Standing by Our Principles

This past week a member of the National Basketball Association (NBA), Daryl Morey, tweeted out a graphic stating, “Fight For Freedom Stand with Hong Kong.”

This past week a member of the National Basketball Association (NBA), Daryl Morey, tweeted out a graphic stating, “Fight For Freedom Stand with Hong Kong.” A post of only seven words, the tweet received massive backlash and tore a chasm in the NBA’s relationship with China. After its posting, the Chinese Consulate expressed its “strong dissatisfaction” and multiple big-name Chinese companies severed ties with the Houston Rockets and the NBA as a whole which ended lucrative endorsements and financial deals. In the face of this backlash, some members of the NBA have attempted to salvage billions of dollars in potential revenue by criticizing Morey’s expression of opinion. The NBA Commissioner Adam Silver has stood by Morey and his principles; “the NBA will not put itself in a position of regulating what...employees … say on these issues … We will protect our employees’ freedom of speech.”

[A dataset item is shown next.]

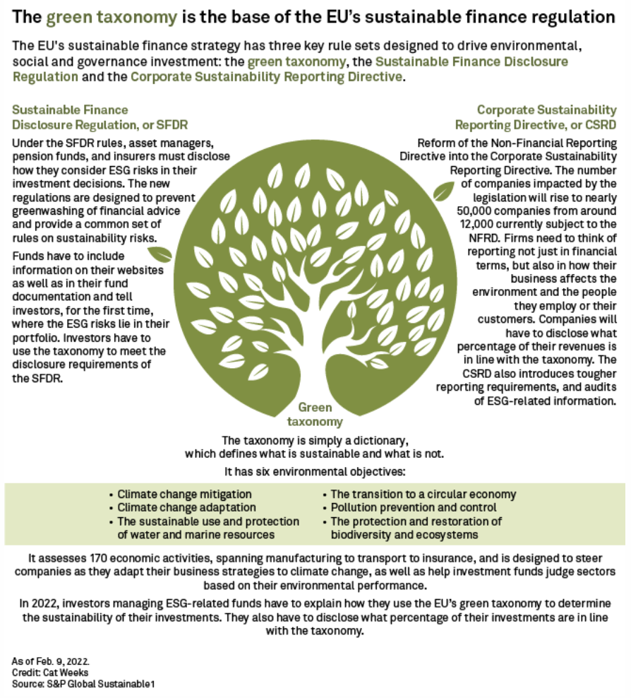 The EU taxonomy is a key component of the EU’s sustainable finance agenda and has become something of a buzzword in the world of ESG investing as one of the leading attempts to define green investments consistently and comprehensively. The EU aims to mobilize some €1 trillion in public and private investment over 10 years as part of its “Green Deal” to help it achieve its ambitious climate targets. And there are an estimated €3.3 trillion in ESG assets under management in the EU — so changes to the framework could sway investment decisions for large fund managers and their customers.

The NBA’s controversy highlights an issue relevant to all of us in an age of information and hyper-partisanship: Maintain a controversial stance on principle or give in to the popular views of your peers. Here at Lawrenceville, while we may often envision a community of individuals in tacit agreement, it’s important that we maintain a willingness to stand by our views, however controversial, as a prerequisite for diverse discussion.

A key downside of choosing the perspective of least resistance is the illusion of learning, hurting our understanding of our own assumptions. Arguing a point that you do not truly support (and only chose because of appealing factors such as ease of argument) may produce short-term benefits that draw students’ attention. But this creates an illusion of learning because in casting aside their honest thinking, students prevent their thought processes from undergoing rigorous questioning, a critical element of our personal development. While we may choose a more acceptable opinion at the Harkness table, in our essays, or simply in conversation, the value in arguing for a point that you do not stand for vanishes the moment the parameters of classroom assignments are removed.

Beyond the classroom, our opinions and arguments are not geared for the sake of earning acceptance but rather a judgement upon which we act. Thus, we should use essays and discussions as opportunities to develop independent thinking rather than favor short-term convenience.

In standing by our principles, whether inside or outside an academic environment, we place our assumptions through a necessary level of questioning. If many students stand up for their perspectives, the ensuing debates and conversations can prove to be incredibly valuable. By listening to different opinions, we are forced to re-evaluate aspects of our own argument, such as the validity of assumptions and evidence involved. Even if we do not ultimately change our perspective on the issue, we develop the habit of having a healthy level of skepticism while considering a counter-argument, both of which develop a deeper understanding of the topic itself. Failing to stand up for our beliefs, we are not fully able to re-assess our opinions while listening to other perspectives, ultimately leading to weaker comprehension.

Lawrenceville boasts the benefits of a diverse community. While the wide-ranging racial makeup stands out, a more important form of diversity is contrast in thought, emphasizing a variety of strong ideas formed independently. Living at Lawrenceville entails opening our minds to different perspectives around us, but as we strive to learn and listen, the dangers of falling into a uniform mold increases. The end goal of having people with diverging backgrounds come together at Lawrenceville to promote greater perspectives, and it can be easy to go along with the beliefs of those around us, slowly narrowing the overall perspective of the student body. It isn’t that we should deny any ideas that stand against our own, but holding strong to what we believe in furthers the value of our pool of perspectives. While it is beneficial to learn from our peers, it is vital that we grow into an extension of our personal ideals, rather than a collection of public opinions. Despite the constant calling for people to listen and learn, our viewpoints lose significance if we conform to what our peers believe. Standing by our principles does not suggest that we reject all contradicting ideas, but a certain degree of persistence helps create an environment where the community as a whole can benefit from strong and unique perspectives. As Lawrentians, we advertise diversity and Harkness learning, but being enveloped in this rich community should not come at the expense of our voice, and rather than passively agreeing, we should maintain our personal principles.